Description of the task:
Below this line are records; write out exactly the lines from the one containing "Nové - 2Set" through the one containing "皆 メスですので女子会です。ネコのノッコ 女子会に入りたくてしょうがなかったが、今一歩の勇気と、警戒心があったのですが、もう", with the pictures left out.

[[ Records for this task, beginning ]]

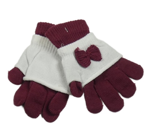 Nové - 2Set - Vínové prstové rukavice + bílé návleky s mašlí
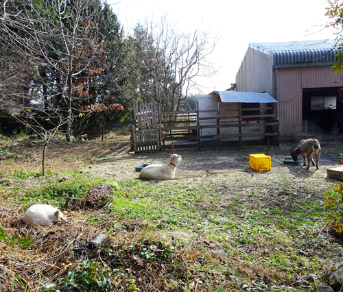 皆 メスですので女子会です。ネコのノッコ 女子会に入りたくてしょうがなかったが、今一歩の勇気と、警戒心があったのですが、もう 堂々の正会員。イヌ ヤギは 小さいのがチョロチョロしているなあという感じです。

[[ Records for this task, end ]]
[[ Records for this task, beginning ]]

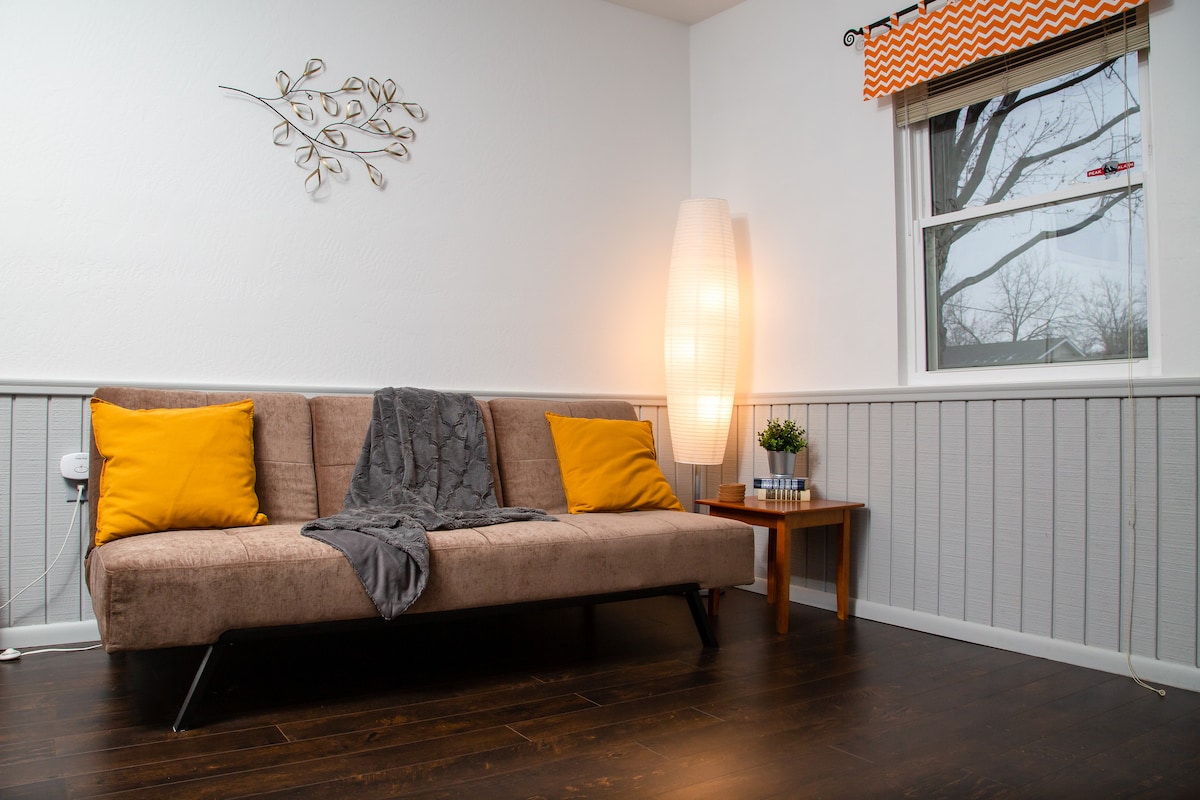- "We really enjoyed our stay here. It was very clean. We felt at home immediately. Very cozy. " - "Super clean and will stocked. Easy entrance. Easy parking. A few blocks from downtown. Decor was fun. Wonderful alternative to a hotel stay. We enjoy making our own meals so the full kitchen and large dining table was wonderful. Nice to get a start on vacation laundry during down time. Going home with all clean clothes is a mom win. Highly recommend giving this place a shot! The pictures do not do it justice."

[[ Records for this task, end ]]
[[ Records for this task, beginning ]]

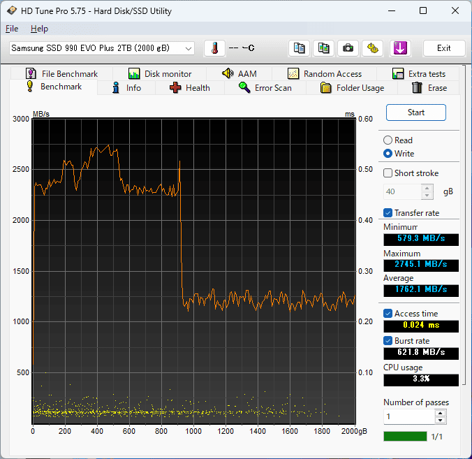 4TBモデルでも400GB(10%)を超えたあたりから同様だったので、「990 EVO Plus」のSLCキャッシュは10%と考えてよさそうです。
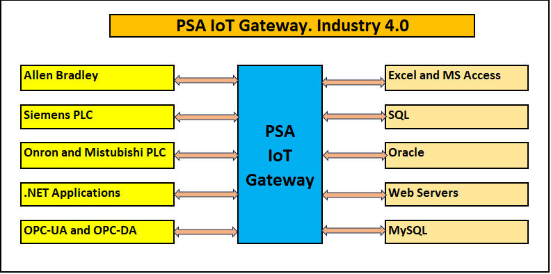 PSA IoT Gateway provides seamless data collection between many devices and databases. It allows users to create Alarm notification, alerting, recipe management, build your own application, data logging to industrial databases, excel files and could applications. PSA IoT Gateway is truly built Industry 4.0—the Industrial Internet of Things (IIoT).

[[ Records for this task, end ]]

Solved problem:
 Nové - 2Set - Vínové prstové rukavice + bílé návleky s mašlí
 皆 メスですので女子会です。ネコのノッコ 女子会に入りたくてしょうがなかったが、今一歩の勇気と、警戒心があったのですが、もう 堂々の正会員。イヌ ヤギは 小さいのがチョロチョロしているなあという感じです。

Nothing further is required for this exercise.